Jerry and Tom, Clyde and Bonnie, Garfunkel and Simon: Would they be the same, by any other name?

The title of Mirrah Foulkes’ Judy and Punch (on VOD June 5) is maybe the first cue that she’s looking to tell another kind of story in her filmmaking debut — if not flip the script entirely on some half a millennium of marriage, misogyny, and old-timey puppetry.

She doesn’t entirely succeed, though there’s no shortage of style and ideas in her broadly revisionist history: a bizarro fairy tale that drastically reimagines the Punch and Judy myth as a sort of manic, improbable hybrid of Kill Bill, Monty Python, and The Princess Bride.
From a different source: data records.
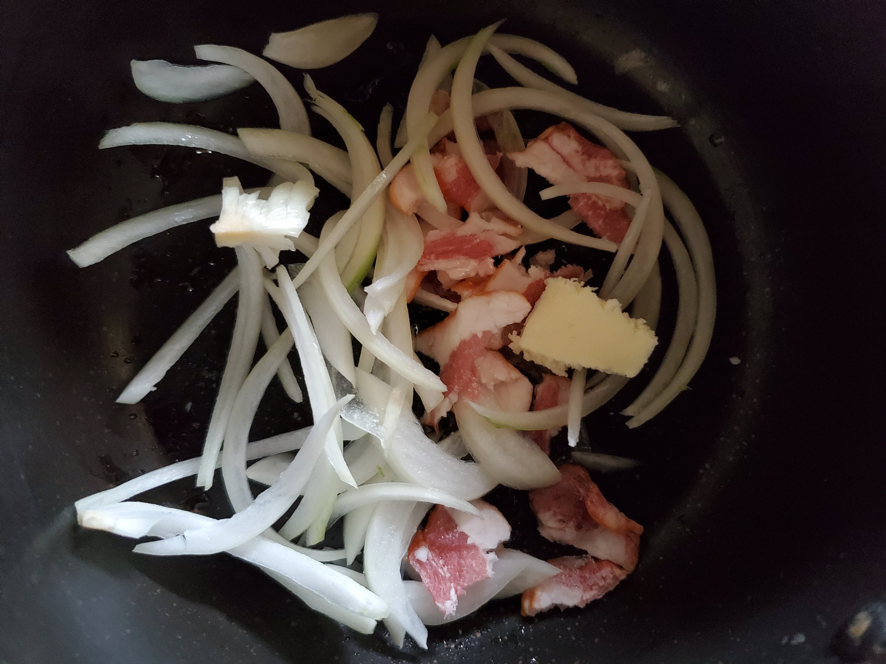玉ねぎをバターで炒めます。
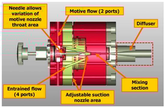 - Zhu, J.; Elbel, S. A New Control Mechanism for Two-Phase Ejector in Vapor Compression Cycles for Automotive Applications Using Adjustable Motive Nozzle Inlet Swirl. SAE Int. J. Passeng. Cars-Mech. Syst. 2016, 9, 44–51. [Google Scholar] [CrossRef]
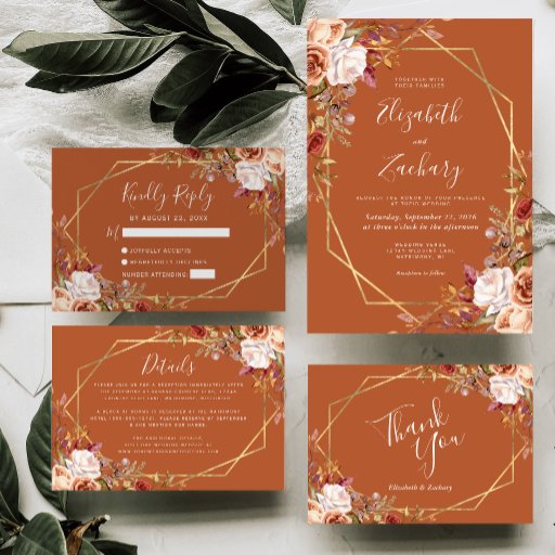 reception dinnerbudget table settingwedding menumodern handwritten calligraphywatercolor floral botanicalgold geometric frameburnt orange rust peach blushburgundy maroon wine red marsalafall autumn wedding
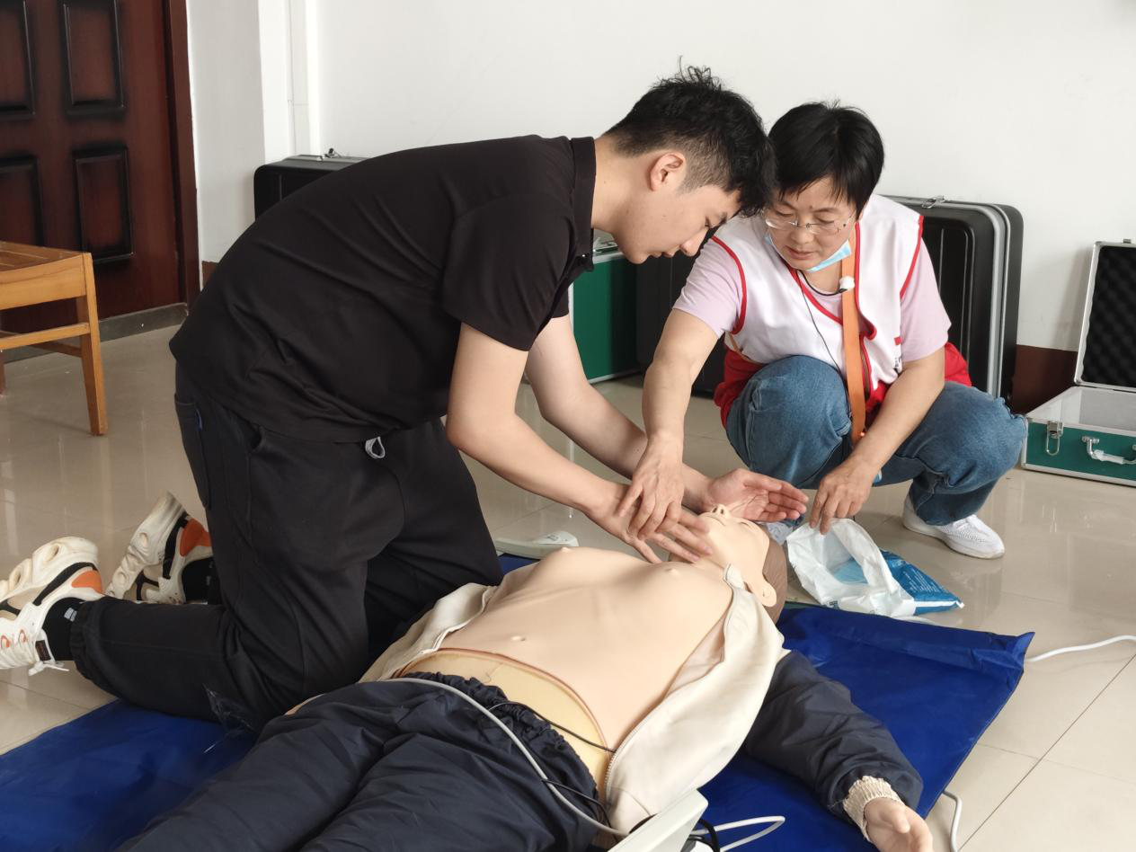 彭照云采取"理论+实操"教学模式,系统讲解海姆立克急救法、心肺复苏术(CPR)和创伤应急救护三大核心技能。通过人体模型演示气道异物梗阻解救手法,分步解析胸外按压的频率深度、人工呼吸操作规范,现场示范止血包扎、骨折固定等创伤处理技术。
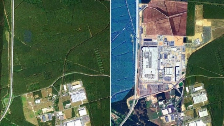 Uydu analizlerine göre, Berlin yakınlarında inşa edilen Tesla fabrikasında yaklaşık 500 bin ağaç kesildi. Almanya'daki fabrikanın inşası oldukça tartışmalı oldu ve önemli protestolara yol açtı.

Somewhere in the vaguely medieval mists of time, there is a village called Seaside (“nowhere by the sea”) and a local couple famous for their play-acting marionettes. Punch (Damon Herriman) is the ringmaster, a rouged, prancing showman; Judy (Mia Wasikowska) the calming force, and possibly the true talent behind the boards.

They have a baby girl together and what looks like a lovely home, but Punch can’t seem to stay away from boozing long enough for their act to get them back to the big city where the real money is. The basics of childcare, too, elude him, and when one blacked-out afternoon takes a terrible turn, Judy is left with almost nothing — except the burning need to avenge the wrongs that have been done.
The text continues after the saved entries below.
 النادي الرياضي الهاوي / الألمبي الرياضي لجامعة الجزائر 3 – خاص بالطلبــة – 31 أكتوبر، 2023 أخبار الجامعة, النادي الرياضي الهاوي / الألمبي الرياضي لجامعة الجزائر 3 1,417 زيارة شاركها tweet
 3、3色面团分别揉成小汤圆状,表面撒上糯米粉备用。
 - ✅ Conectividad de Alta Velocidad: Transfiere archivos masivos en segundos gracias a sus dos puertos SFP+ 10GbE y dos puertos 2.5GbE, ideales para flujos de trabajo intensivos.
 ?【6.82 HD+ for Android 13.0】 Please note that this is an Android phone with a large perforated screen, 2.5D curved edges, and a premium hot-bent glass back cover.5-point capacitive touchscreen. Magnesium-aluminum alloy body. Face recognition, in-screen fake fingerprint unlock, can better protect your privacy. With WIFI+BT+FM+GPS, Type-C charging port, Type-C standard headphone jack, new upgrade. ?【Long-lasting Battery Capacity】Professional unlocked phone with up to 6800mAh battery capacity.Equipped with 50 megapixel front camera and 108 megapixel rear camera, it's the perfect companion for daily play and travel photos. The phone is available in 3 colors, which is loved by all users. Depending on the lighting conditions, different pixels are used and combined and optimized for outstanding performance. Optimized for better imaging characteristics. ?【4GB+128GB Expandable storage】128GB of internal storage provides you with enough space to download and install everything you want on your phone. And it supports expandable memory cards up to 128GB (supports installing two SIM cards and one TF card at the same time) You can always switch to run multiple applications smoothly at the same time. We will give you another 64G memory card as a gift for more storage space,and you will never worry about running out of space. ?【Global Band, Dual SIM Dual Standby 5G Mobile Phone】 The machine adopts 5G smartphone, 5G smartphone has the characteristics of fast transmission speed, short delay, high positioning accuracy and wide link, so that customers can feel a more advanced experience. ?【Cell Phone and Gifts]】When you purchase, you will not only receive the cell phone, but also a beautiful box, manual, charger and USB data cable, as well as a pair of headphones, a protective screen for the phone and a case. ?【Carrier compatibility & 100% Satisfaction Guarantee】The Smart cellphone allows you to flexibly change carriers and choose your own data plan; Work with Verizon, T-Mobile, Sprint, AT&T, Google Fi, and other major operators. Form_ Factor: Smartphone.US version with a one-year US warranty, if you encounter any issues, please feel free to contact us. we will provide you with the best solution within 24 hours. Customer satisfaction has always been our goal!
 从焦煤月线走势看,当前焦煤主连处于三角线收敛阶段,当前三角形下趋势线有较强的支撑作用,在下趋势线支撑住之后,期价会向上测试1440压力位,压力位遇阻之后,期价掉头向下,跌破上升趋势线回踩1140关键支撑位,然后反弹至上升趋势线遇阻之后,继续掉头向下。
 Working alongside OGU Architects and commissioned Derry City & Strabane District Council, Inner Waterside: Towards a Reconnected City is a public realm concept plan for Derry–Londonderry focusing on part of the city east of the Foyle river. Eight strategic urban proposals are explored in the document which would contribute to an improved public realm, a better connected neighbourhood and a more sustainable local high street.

Foulkes, who also wrote the script (and is married, coincidentally, to one of Australia's best-known auteurs, Animal Kingdom creator David Michôd) trades mostly in the broad strokes of satire, with a distinctly feminist edge. Seaside is a place where women accused of taking inadequate care of their own chickens or staring too long at the moon are casually stoned to death for the townsfolks’ entertainment, and even the constable (Benedict Hardie) is less a lawman than a sort of hapless bystander.

As a director, she's not above a few meta winks at the modern world — the baritone croon of Leonard Cohen over a combat-training montage, the all-female crew of forest-dwelling warrior-"witches" who take in a broken Judy — to help drag certain dusty elements of the puppets' iconography (crocodiles, sausages, infanticide) toward a fresher kind of currency.

The why of telling that story now is never entirely clear. But as the movie's tone teeters awkwardly between farce and tragedy, tenderness and bloody vengeance, it's the performances that root it; supporting players like Terry Norris as a sweetly dotty manservant and Lucy Honigman as Punch's loopy drinking partner and aspiring mistress. And Herriman too, whose leering, snake-eyed Charles Manson in last year's Once Upon a Time in Hollywood somehow becomes something even more menacing here.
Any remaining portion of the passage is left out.